One thing that I see, is it seems you're running a search over the current timeframe multiple times. It might be more efficient if you only iterated over each timeframe once... You'll want to play with the job inspector to evaluate if these options would be more efficient or not.
These are three options I came up with that you may want to look into:
index=queues sourcetype="jms:queues" "Queues.name"="road.sa*" ((earliest=-5m latest=now) OR (earliest=-1h-5m latest=-1h) OR (earliest=-7d-5m latest=-7d))
| eval timeframe=case(_time>=relative_time(now(),"-5m"),"c", _time>=relative_time(now(),"-1h-5m"),"p1h",1=1,"p7d")
| chart max("Queues.pendingMessageCount") over "Queues.name" by timeframe
| eval onehr_growth=round((c-p1h)/p1h*100,2),sevenday_growth=round((c-p7d)/p7d*100,2)
| where onehr_growth>300 AND sevenday_growth>300
| table "Queues.name",c,p1h,onehr_growth,p7d,sevenday_growth
The above would run a search across the time range of [-7d-5m, now] , and filters based on _time...
| multisearch
[search index=queues sourcetype="jms:queues" "Queues.name"="road.sa*" (earliest=-5m latest=now) | eval timeframe="c" | fields "Queues.pendingMessageCount","Queues.name",timeframe ]
[search index=queues sourcetype="jms:queues" "Queues.name"="road.sa*" (earliest=-1h-5m latest=-1h) | eval timeframe="p1h" | fields "Queues.pendingMessageCount","Queues.name",timeframe]
[search index=queues sourcetype="jms:queues" "Queues.name"="road.sa*" (earliest=-7d-5m latest=-7d) | eval timeframe="p7d" | fields "Queues.pendingMessageCount","Queues.name",timeframe]
| chart max("Queues.pendingMessageCount") over "Queues.name" by timeframe
| eval onehr_growth=round((c-p1h)/p1h*100,2),sevenday_growth=round((c-p7d)/p7d*100,2)
| where onehr_growth>300 AND sevenday_growth>300
| table "Queues.name",c,p1h,onehr_growth,p7d,sevenday_growth
This one is similar to the previous one, but instead of searching the entire timeframe, uses multisearch to limit the timeranges being searched.

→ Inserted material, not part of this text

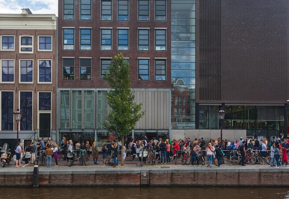 “Located in the west end of Amsterdam’s canal belt, the Anne Frank House is open for hour-long tours.”

index=queues sourcetype="jms:queues" "Queues.name"="road.sa*" (earliest=-5m latest=now) | eval timeframe="c" | stats max("Queues.pendingMessageCount") as mc by "Queues.name", timeframe
| append [search index=queues sourcetype="jms:queues" "Queues.name"="road.sa*" (earliest=-1h-5m latest=-1h) | eval timeframe="p1h" | stats max("Queues.pendingMessageCount") as mc by "Queues.name", timeframe]
| append [search index=queues sourcetype="jms:queues" "Queues.name"="road.sa*" (earliest=-7d-5m latest=-7d) | eval timeframe="p7d" | stats max("Queues.pendingMessageCount") as mc by "Queues.name", timeframe]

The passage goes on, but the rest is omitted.